En ocasiones parece que viviéramos en una cámara de eco, encerrados en una barcaza higgins rumbo a la costa armoricana, donde un Bernard-Henri Lévy enloquecido pincha psicofonías de Churchill sin cesar (¡tendréis el deshonor y la guerra! ¡Si caemos, caemos todos juntos!…). Sé que me repito y pido disculpas por ello, pero es llamativo. La misma histeria que ayer señalaba al que no se sometía a la doxa covidiana, hoy apunta al que desea el fin de las hostilidades en el Este de Europa o al que no traga con el paquete completo de «la amenaza rusa». Una «amenaza», por cierto, que ya está sirviendo para insuflar algo más de vida a dos o tres zombies políticos, para explorar los límites del control social y que, presumiblemente, también servirá para que lluevan comisiones sobre un puñado de hijos de puta, como diría don Arturo. Gracias al cielo, para fiscalizar esto último tendremos al Ombudsman de la UE. En una organización democrática debe darse un voto de confianza a las instituciones. Ellos saben lo que se hacen.
Aquel hallazgo, un tanto cursi, que se popularizó hace escasas semanas sobre una Europa que no se sentaba en la mesa de negociaciones porque era el menú, no iba desencaminado. Sólo que en el menú no están incluidos los gauleiters de Estrasburgo y el café y el postre lo pagaremos aparte. «Nuestra defensa» es el reclamo de la pizarra en la puerta del bar. Una vez dentro, los sufridos europeos vamos a degustar el dirigismo o la intervención en lo relativo a nuestros ahorros, la degradación de los servicios públicos, el aumento de la deuda y el avance del federalismo. La implantación del euro digital va de propina porque, según ABC, es una idea brillante que nos va a liberar del sistema Visa y —esto lo digo yo— también es más ecológico que prender fuego a un Tesla.
Cinco años han pasado desde el comienzo de la pandemia y no hemos aprendido gran cosa. En su momento nadie la pió y el mismo consenso mediático existe hoy con todo lo que toca, de cerca o de lejos, al conflicto ruso-ucraniano. Poco se mueve en La Catedral (Curtis Yarvin) y las crónicas en la prensa generalista (con las dos excepciones de siempre en la sección de Opinión) parecen cartas plomadas, sin que esto extrañe lo más mínimo.
Luego están, claro, los que llevan el vicio al extremo y serviam todo lo que haga falta.

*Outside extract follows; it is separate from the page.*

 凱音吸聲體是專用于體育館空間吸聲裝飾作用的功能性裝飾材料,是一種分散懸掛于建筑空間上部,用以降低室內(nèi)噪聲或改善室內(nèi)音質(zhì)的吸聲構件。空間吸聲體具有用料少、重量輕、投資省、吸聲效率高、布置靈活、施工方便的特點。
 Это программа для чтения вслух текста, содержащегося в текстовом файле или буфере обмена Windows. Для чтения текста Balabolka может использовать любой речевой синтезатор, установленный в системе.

La semana pasada leímos un artículo titulado La quinta columna firmado por nuestro own private BHL. Sin la camisa blanca de Charvet ni los mocasines Weston, en el medio que mejor representa «the comon jaus of spanish liberalisim», Fernando Savater trataba de «recua», entre otras cosas y en función de hacia dónde se escore uno políticamente, a los que rechazan la pretensión del rearme europeo, quieren abandonar la OTAN o no desean continuar una guerra cuyo fin empieza a vislumbrarse.

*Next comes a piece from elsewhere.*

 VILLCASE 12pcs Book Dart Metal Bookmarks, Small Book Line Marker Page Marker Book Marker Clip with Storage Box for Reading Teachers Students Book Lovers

Sólo en el Diccionario General de la Lengua Española VOX, en su segunda acepción, «recua» se define como «grupo numeroso de personas o cosas que van o siguen unas detrás de otras». Supongo que los tiros irán por ahí. Estoy convencida que el autor de Ética para Amador, tan preocupado por los demás, no pretendía deshumanizar a nadie. La deshumanización recuerda a las horas más sombrías de «nuestra patria», Europa. Trae imágenes de botas de clavos desfilando sobre los Campos Elíseos y es una cosa de banderistas, aunque estamos a tres minutos de que la UE conceda el premio Carlomagno a título póstumo al bueno de Stepan. Desde luego, más barato saldrá que regar de millones la democracia siria de Al-Jolani.
Más que lo de «recua», es el concepto de quintacolumnismo lo que está calando. Ya forma parte del arsenal argumentativo del comentarista-cuñado, ese especímen que exige, a pie de artículo, la actuación de las FFCCSS contra los mentados por Savater. No sé con los patrios, pero con quien lo van a tener difícil va a ser con Jacques Attali. El padrino político de Macron, más espabilado que todos nuestros intelectuales orgánicos juntos, acaba de declarar en el programa Grand Jury que no estamos en guerra contra Rusia y que no hay que crear el acontecimiento cuando no existe. Incluso se atreve a explicar la parte de culpa europea y norteamericana en los hechos que nos ocupan y —¡blasfemia!— sostiene que, llegado el momento, Rusia debería formar parte de la UE.
Quintacolumnismo globalista hardcore.